I have a data connection source that creates two datasets:
The two datasets pull from the same source. Dataset X
consists of the current state of all rows in the source table. Dataset Y
pulls all rows that have been updated since the last build. These two datasets are then merged downstream into dataset Z
with dataset Z
being either dataset X
or the most recent version of each row from dataset Y
. This allows us to both have low latency updates and maintain good partitioning.
When rows are deleted in the source table, the rows are no longer present in dataset X
but are still present in dataset Y
.
What would be the best way keep these 'deleted' rows in dataset Z
? Ideally I would also be able to snapshot dataset Y
without losing any of the 'deleted' rows.
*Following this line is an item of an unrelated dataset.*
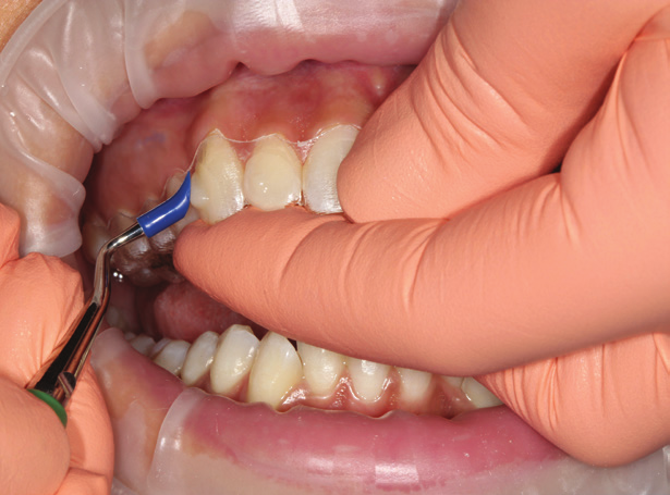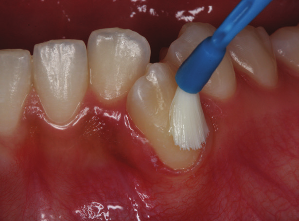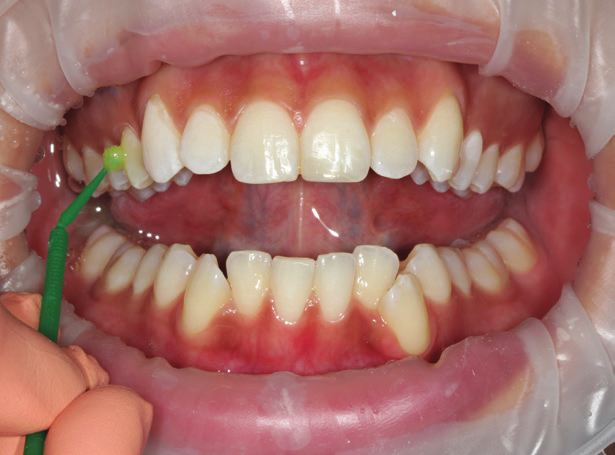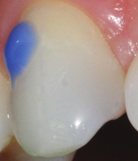磷酸酸蚀附件定位的牙面,冲洗吹干后可见牙面呈现白垩色
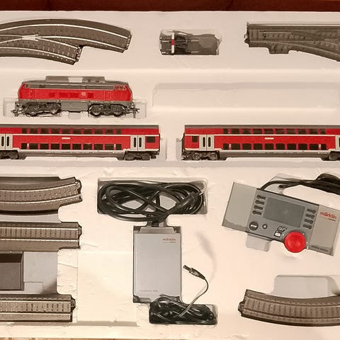 Märklin HO Set-S pienoisjunarata sisältää höyryveturin, kaksi matkustajavaunua ja kaksi avotavaravaunua. Setissä on mukana useita kaarevia ja suoria ratakiskoja sekä sinivihreä ajomuuntaja punaisella säätimellä.Sisältää veturin, 4 vaunua, ratakiskot ja ajomuuntajan. Mittakaava HO. Alkuperäinen pahvinen pakkaus on kulunut ja siinä on useita repeämiä.Valmistaja: MärklinVäri: monivärinen (musta, harmaa, punaruskea)Materiaali: muovi, metalliTuote on tarkistettu

Good question! From what I understand, you want dataset Z
to have only the most up-to-date rows, including the most up-to-date deleted rows. Both updated rows and deleted rows are present in Y
. In this case, I would suggest first unioning Y
and X
together, so that all rows, including deleted rows are present in the union dataset. Then, use a window function over a date column in order to get the most recent version of each row. Here is an outline of the pyspark code I would suggest for this:
from pyspark.sql import Window
import pyspark.sql.functions as F
window = Window.partitionBy(primary_keys).orderBy(F.col(date_column).desc())
Z = X.unionByName(Y) # union to get all columns, including deleted
Z = Z.withColumn("row_num", F.row_number().over(window)) # rank by date created/updated
Z = Z.filter(F.col("row_num") == 1).drop("row_num") # keep only the latest version of each row
Note that this solution does not get around the issue of what happens if Y snapshots.